As promised the team sheet filled with the names of younger players. Mercurial cult hero to be, John Sheridan, made his debut in late 1982, while as time went on and budgets shrunk even further the likes of Denis Irwin, Scott Sellars, and Tommy Wright all joined him, followed by Terry Phelan and Peter Swan. Gray himself, meanwhile, generally resisted the temptation to let his boots do the talking, and in May 1984 announced his playing retirement, fittingly scoring the winner in his final game against Charlton.

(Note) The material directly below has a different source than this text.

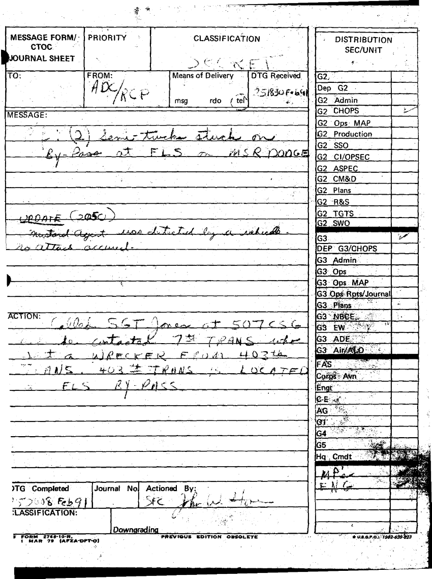 Folder Title = DUTY LOG G3 REAR 25 FEB 91

While United were starting every season as promotion favourites, neither campaign so far had offered anything other than the vaguest sniff of a return to the top division, sapping the ego of a club that famously has a pre-ordained right to be there. Gray’s third and last full attempt did sporadically promise something different as Wright, Sellars, and Sheridan — along with no-nonsense forward Ian Baird — managed an eight-game unbeaten run and were mathematically in with a chance of going up on the season’s final day, only to lose at St Andrews on an afternoon sadly remembered for other reasons.

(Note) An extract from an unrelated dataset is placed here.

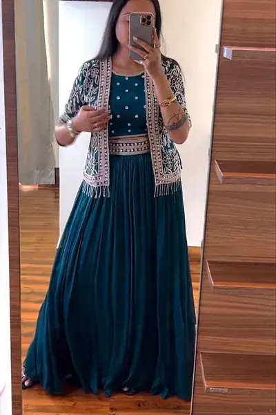 Amazing Green Colour Heavy Embroidery Work Koti Style Lehenga Choli

Leeds, it seemed, were edging closer to the promised land, but by the end of August 1985 the much-fancied team was second bottom of the table. Results improved, but while Gray was still hero-worshipped on the terraces, some members of the board felt that little progress was being made. Despite a 3-0 win in the League Cup at Walsall, they opted to dispense with him and assistant Jimmy Lumsden. Rumours speculating that they were deliberately undermined in private have persisted to this day.
Bitter demonstrations outside the West Stand after the next game embodied the fans’ deep sense of anger and it was telling that Billy Bremner did little better with that group of players. Leeds were 12th when Gray departed and ultimately finished an underwhelming 14th.
It was by no means the end of the story for Eddie Gray who, had injury not plagued him, would have proven himself to be one of the best wingers of his generation. And rather than leave a grainy, VHS legacy, since then he’s written himself into the fabric of the modern Leeds United in ways his peers could hardly have imagined.
I’m still here too, but that’s hardly important. It says everything about Eddie Gray that a man given an impossible mission accepted the challenge humbly and did it to the best of his ability, successfully hurdling every obstacle but the last one. Luckily for us, there’s more where he came from.